Workplace Solutions Chemical safety Facility safety Hazard communication Signs/labels

Label requirements for hazardous waste

What are the new Environmental Protection Agency labeling requirements for hazardous waste containers?


Responding is Colwin Chan, group product manager, Avery Safety and Facilities Solutions, a division of the Avery Products Corp., Brea, CA.

To enhance safety and environmental protection, the Environmental Protection Agency’s Hazardous Waste Generator Improvements final rule, which went into effect last year, requires including the words “hazardous waste,” a description of the container’s hazards and the date the accumulation started. Labels, however, are not required to include the identity of the container’s contents, as proposed.

Previous Resource Conservation and Recovery Act program labeling regulations did not require waste generators to identify and indicate the hazards of hazardous wastes accumulated in containers, tanks, drip pads and containment buildings. This resulted in a failure to communicate risks associated with wastes being accumulated or stored in different locations, which could put workers, waste handlers, emergency responders and visitors at risk.

To resolve this issue, the final rule stipulates that container and tank labels must indicate the hazards of such containers’ contents in numerous affected areas. These include areas for waste generator satellite accumulation or central accumulation; transfer facilities consolidating hazardous wastes from different generators; and generator container/tank storage areas at treatment, storage and disposal facilities.

Fortunately, the final rule allows ample flexibility in how to comply with this new provision. For drip pad and containment buildings, the generator can keep this information in logs or records near the accumulation unit.

Waste generators can indicate the hazards of the container’s contents using several established methods, such as Department of Transportation hazard communication, an OSHA hazard statement or pictogram, a National Fire Protection Association chemical hazard label, or an RCRA characteristic.

Examples of how to indicate the hazards include:

  • The words of the applicable hazardous waste characteristic(s) (i.e., ignitable, corrosive, reactive, toxic).
  • Hazard communication consistent with DOT requirements at 49 CFR Part 172 Subpart E (labeling) or Subpart F (placarding).
  • A hazard statement or pictogram consistent with the OSHA Hazard Communication Standard (1910.1200).
  • A chemical hazard label consistent with NFPA Code 704.

RCRA waste codes must be placed on the containers before shipping hazardous waste offsite to an RCRApermitted treatment, storage and disposal facility, but do not need to be applied before that time.

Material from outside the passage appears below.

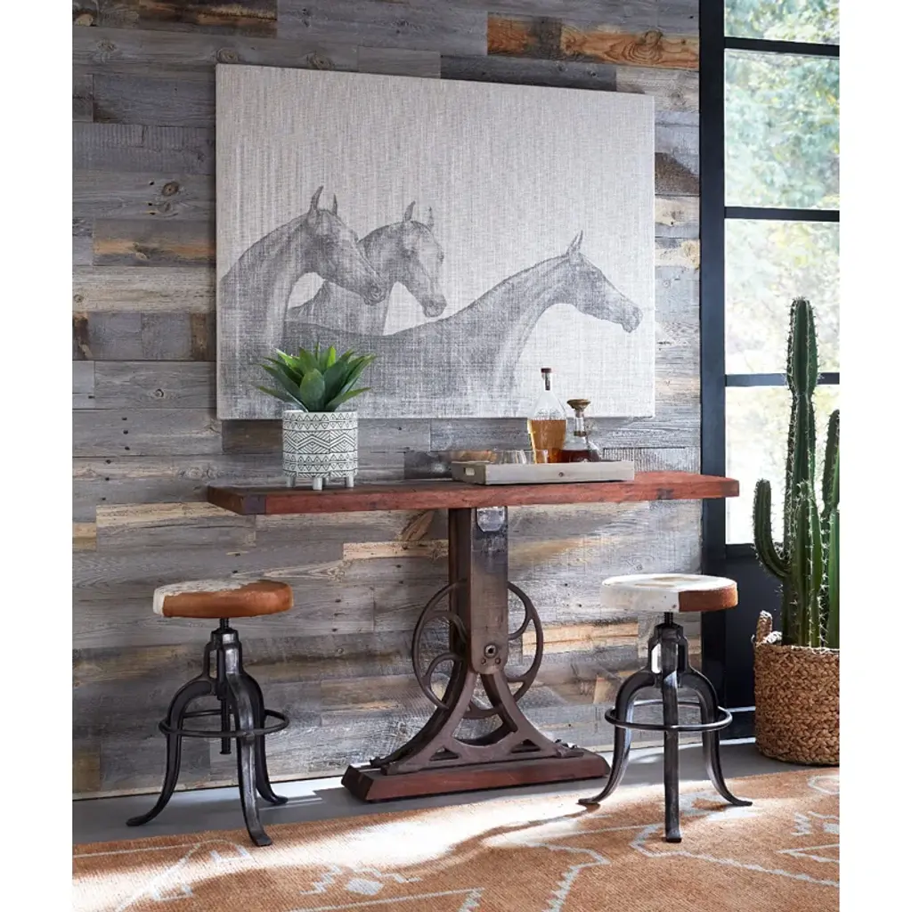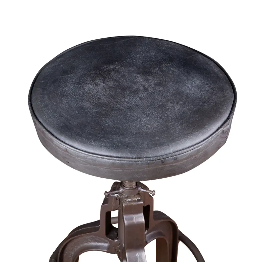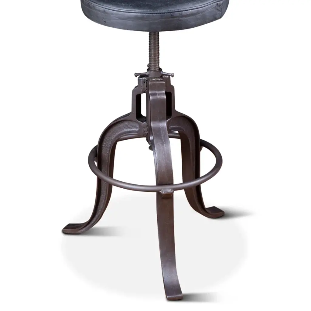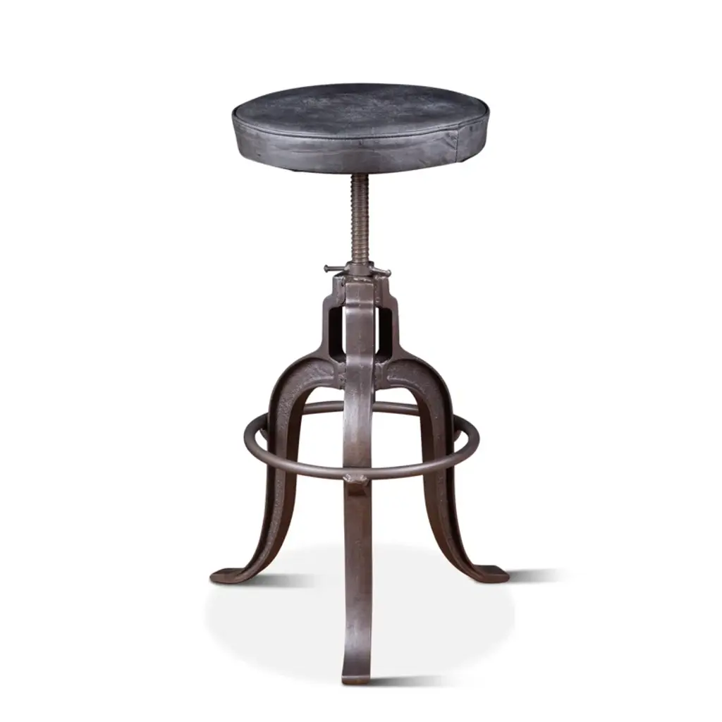 This delightful industrial-look barstool revolves and adjusts to the desired height, making it an ideal seat for all sizes and tables. With a recycled wood seat, its three-legged post design ensures stability and iron triangle base serves as a convenient foot-rest. Crafted entirely from iron and recycled wood solids.

An electronic system, such as a bar code system, is acceptable as long as the RCRA waste code(s) are tied to the specific container.

Preprinted labels with handwritten accumulation start date and marked hazardous properties (flammable, corrosive, toxic, reactive; or GHS pictograms) are acceptable under the final rule. In addition, label software templates are available that help end users enter the required information and print labels using a desktop printer.

Editor's note: This article represents the independent views of the author and should not be construed as a National Safety Council endorsement.